The Gorham Covered Bridge carries Gorham Bridge Road across Otter Creek in a rural area of Pittsford and Proctor, Vermont. It is a Town lattice truss bridge, built in 1841 by Abraham Owen and Nicholas M. Powers, the latter in the early stages of his career as a well-known bridgewright. The bridge was listed on the National Register of Historic Places in 1974.

==Description and history==
The Gorham Covered Bridge joins northern Proctor and southern Pittsford, both rural communities in central-northern Rutland County, Vermont. It carries Gorham Bridge Road across Otter Creek, a minor side road which forms the town boundary at that point.
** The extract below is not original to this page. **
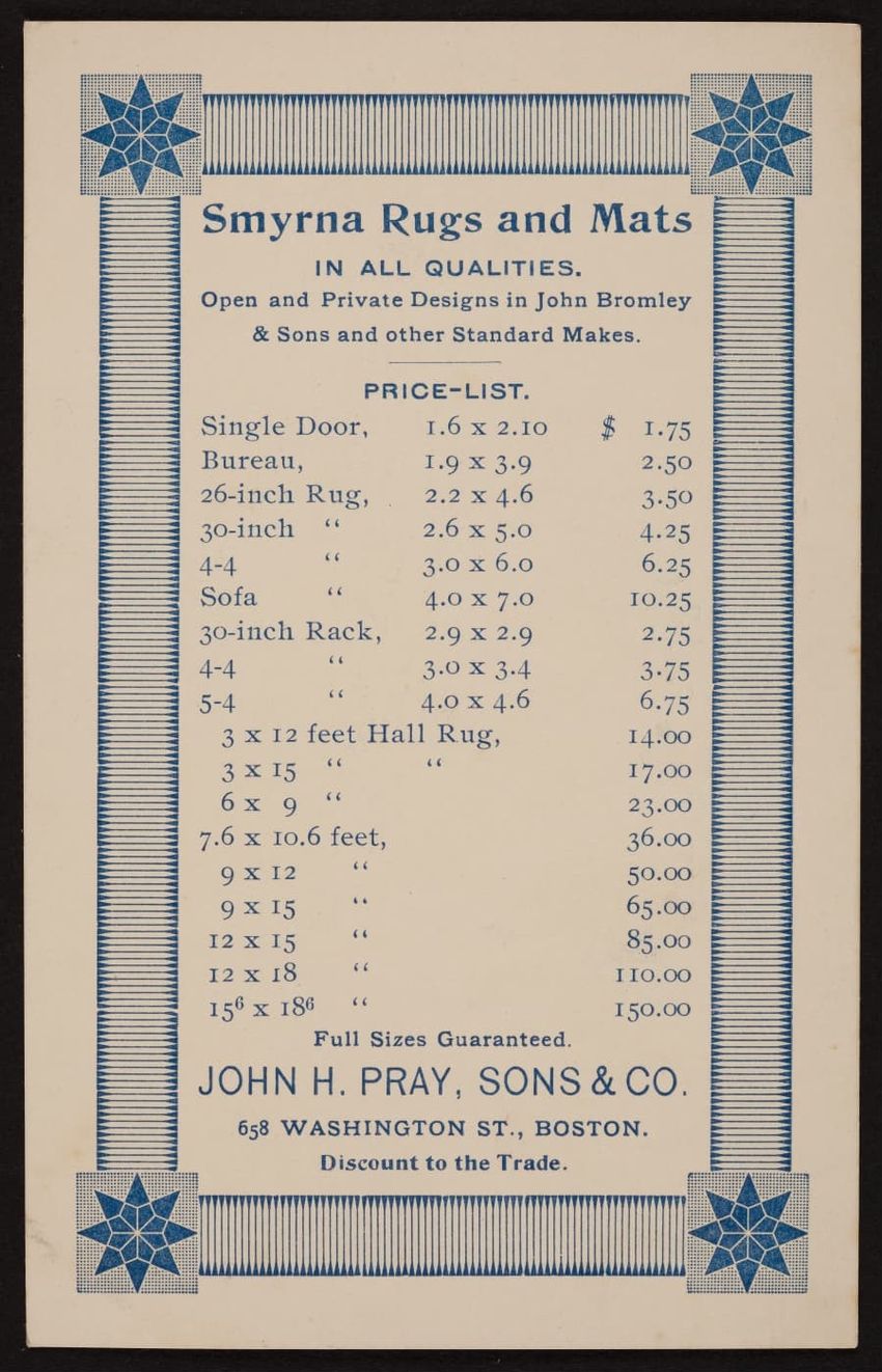 Pray is an importer, jobber, retailer and manufacturers agent for carpetings, mattings, oil cloth, oriental rugs, carpets and upholstery.

The bridge is oriented east–west across the north-flowing creek. It is a single span Town lattice truss, 114 ft in length, resting on stone abutments that have been faced in concrete. The bridge has been strengthened by the addition of laminated beams below the road deck, which is 18 ft wide. The bridge's exterior is sheathed in vertical board siding, which ends short of the roof line, and is topped by a gabled roof now covered in corrugated metal. The siding extends around the sides to the portal faces, and a short way inside the portals.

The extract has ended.